About this exercise
Transcribe the listing below exactly, without pictures.

The data

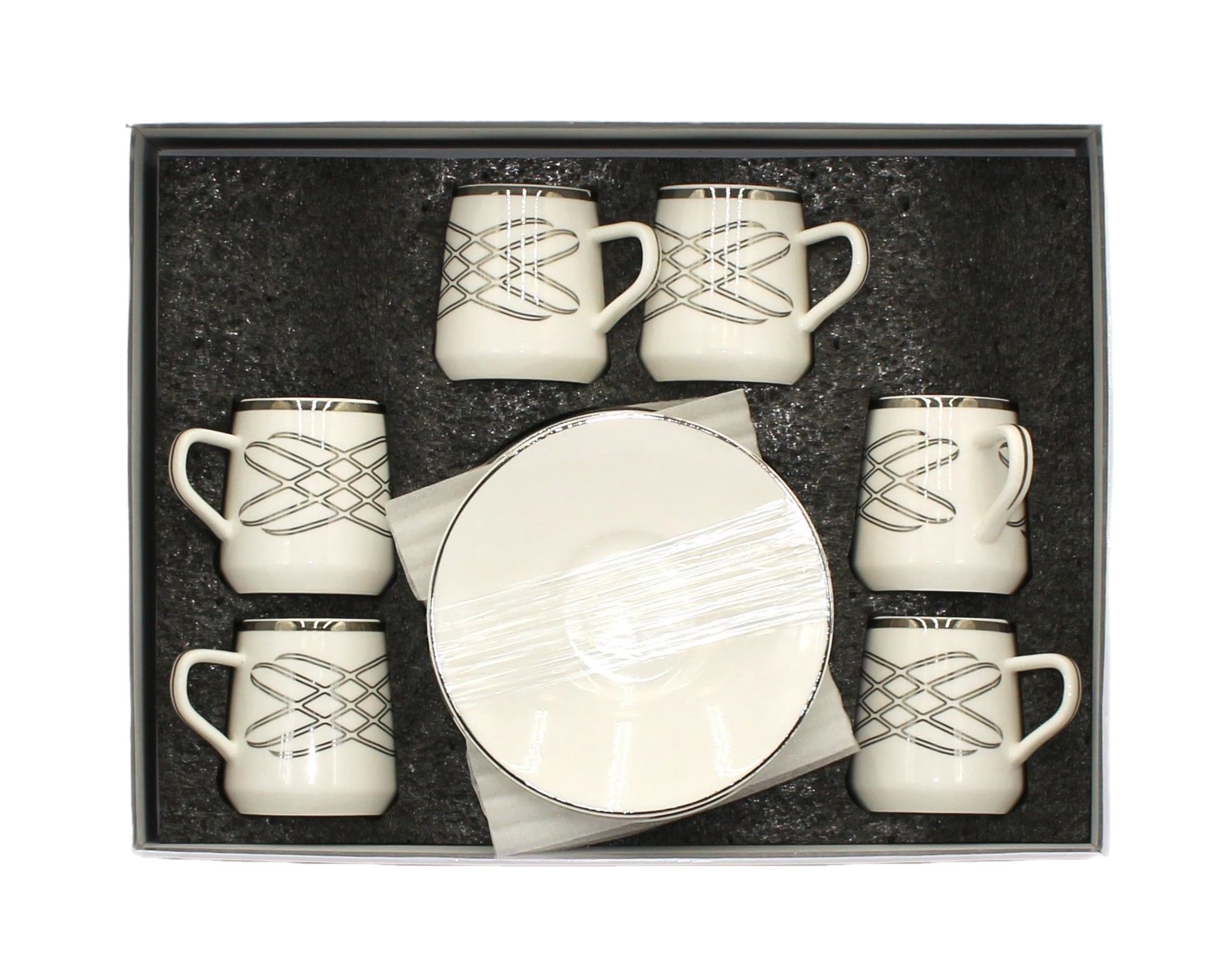 Palm Arabic Coffee Cup Set, Silver, 12 Pieces
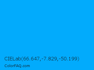 CIELab 66.647,-7.829,-50.199 Color is a normal blue color and the nearest color is Vivid Cerulean #00aaee. Hex code #02abfc and RGB value is rgb(2,171,252). In RGB color space, this color is composed of 1% red, 67% green, 99% blue, In CMYK color space, this color is composed of 99% cyan, 32% magenta, 0% yellow , 1% black , In HSL color space, this color has a hue angle of 199° , 98% saturation and 50% lightness.
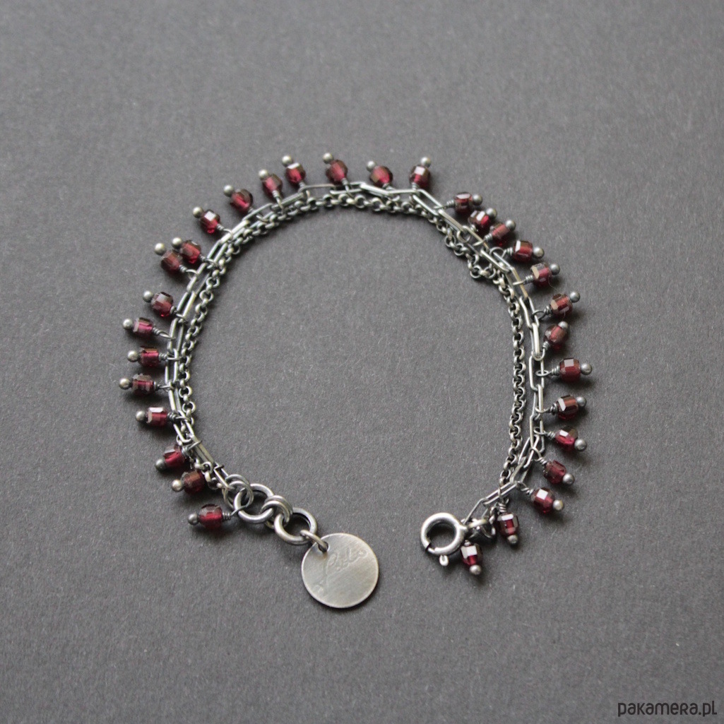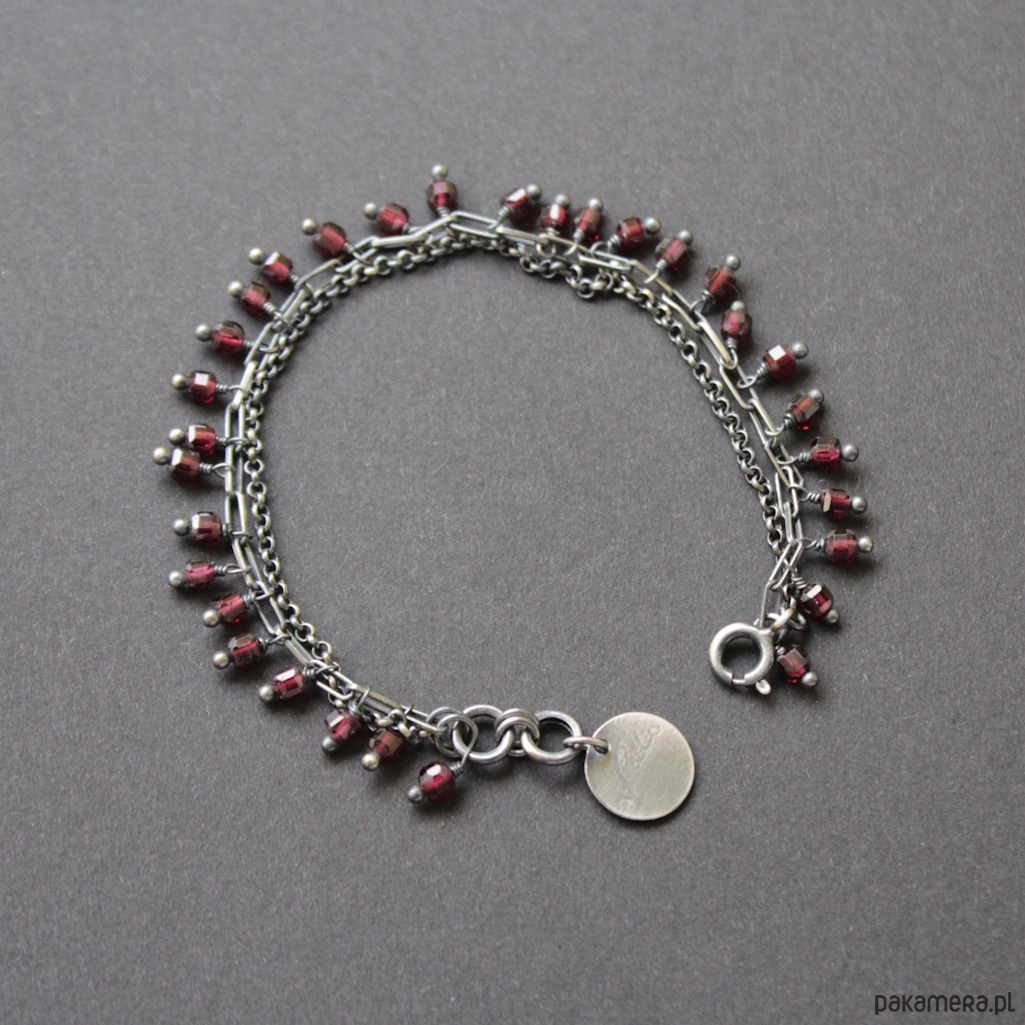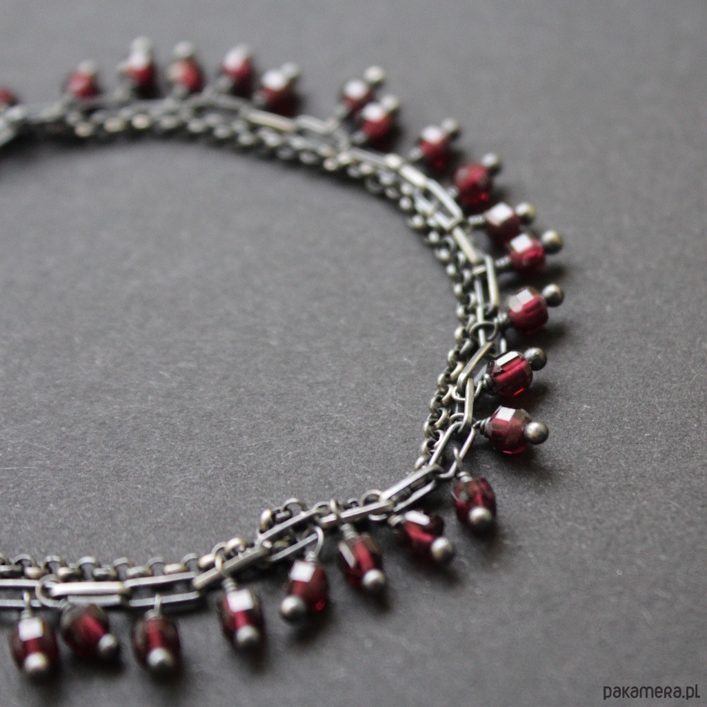 Bransoletka wykonana została z oksydowanego srebra próby 925 oraz przepięknych, wysokiej jakości fasetowanych granatów wielkości 0,3 cm.

Your solution
 Palm Arabic Coffee Cup Set, Silver, 12 Pieces
 CIELab 66.647,-7.829,-50.199 Color is a normal blue color and the nearest color is Vivid Cerulean #00aaee. Hex code #02abfc and RGB value is rgb(2,171,252). In RGB color space, this color is composed of 1% red, 67% green, 99% blue, In CMYK color space, this color is composed of 99% cyan, 32% magenta, 0% yellow , 1% black , In HSL color space, this color has a hue angle of 199° , 98% saturation and 50% lightness.
 Bransoletka wykonana została z oksydowanego srebra próby 925 oraz przepięknych, wysokiej jakości fasetowanych granatów wielkości 0,3 cm.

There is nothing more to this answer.